Sir Thomas did not answer.
"I am," said Jimmy. "Well, it occurred to you, naturally enough, that a properly-selected gift of jewelry might work the trick. It only needed a little nerve. When you give a present of diamonds to a lady, she is not likely to call for polarized light and refracting liquids and the rest of the circus. In ninety-nine cases out of a hundred, she will take the things on trust. Very well. You trotted off to a jeweler, and put the thing to him confidentially. I guess you suggested paste. But, being a wily person, he pointed out that paste has a habit of not wearing well. It is pretty enough when it's new, but quite a small amount of ordinary wear and tear destroys the polish of the surface and the sharpness of the cutting. It gets scratched easily. Having heard this, and reflecting that Lady Julia was not likely to keep the necklace under a glass case, you rejected paste as too risky. The genial jeweler then suggested white jargoon, mentioning, as I have done, that, after an application or so of the blow-pipe, it's own mother wouldn't know it. If he was a bit of an antiquary, he probably added that, in the eighteenth century, jargoon stones were supposed to be actually an inferior sort of diamond. What could be more suitable? 'Make it jargoon, dear heart,' you cried joyfully, and all was well. Am I right? I notice that you have not corrected me so far."
Whether or not Sir Thomas would have replied in the affirmative is uncertain. He was opening his mouth to speak, when the curtain at the end of the room heaved, and Lord Dreever burst out like a cannon-ball in tweeds.
The apparition effectually checked any speech that Sir Thomas might have been intending to make. Lying back in his chair, he goggled silently at the new arrival. Even Jimmy, though knowing that his lordship had been in hiding, was taken aback. His attention had become so concentrated on his duel with the knight that he had almost forgotten they had an audience.
His lordship broke the silence.
"Great Scott!" he cried.
Neither Jimmy nor Sir Thomas seemed to consider the observation unsound or inadequate. They permitted it to pass without comment.
"You old scoundrel!" added his lordship, addressing Sir Thomas. "And you're the man who called me a welsher!" There were signs of a flicker of spirit in the knight's prominent eyes, but they died away. He made no reply.

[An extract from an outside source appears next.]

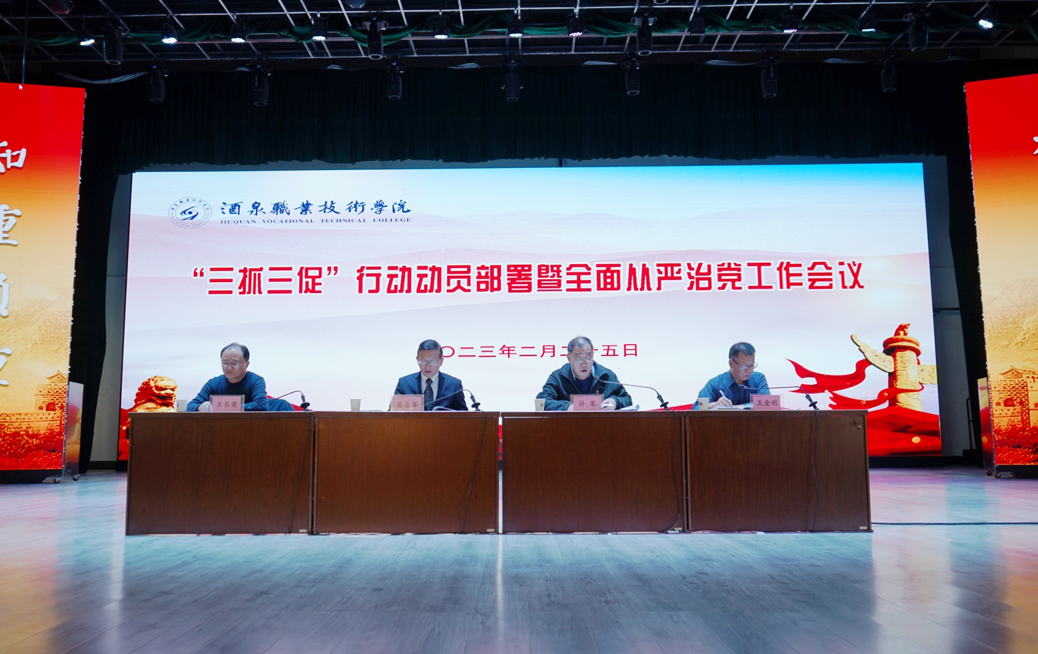 会上,传达学习了省委书记、省“三抓三促”行动领导小组组长胡昌升在全省“三抓三促”行动部署动员会、省委书记、省人大常委会主任胡昌升在省纪委十四届二次全会上的讲话精神;宣读了《酒泉职业技术学院“三抓三促”行动实施方案》。

"Great Scott!" moaned his lordship, in a fervor of self-pity. "Here have I been all these years letting you give me Hades in every shape and form, when all the while—My goodness, if I'd only known earlier!"
He turned to Jimmy.
"Pitt, old man," he said warmly, "I—dash it! I don't know what to say. If it hadn't been for you—I always did like Americans. I always thought it bally rot that that fuss happened in—in—whenever it was. If it hadn't been for fellows like you," he continued, addressing Sir Thomas once more, "there wouldn't have been any of that frightful Declaration of Independence business. Would there, Pitt, old man?"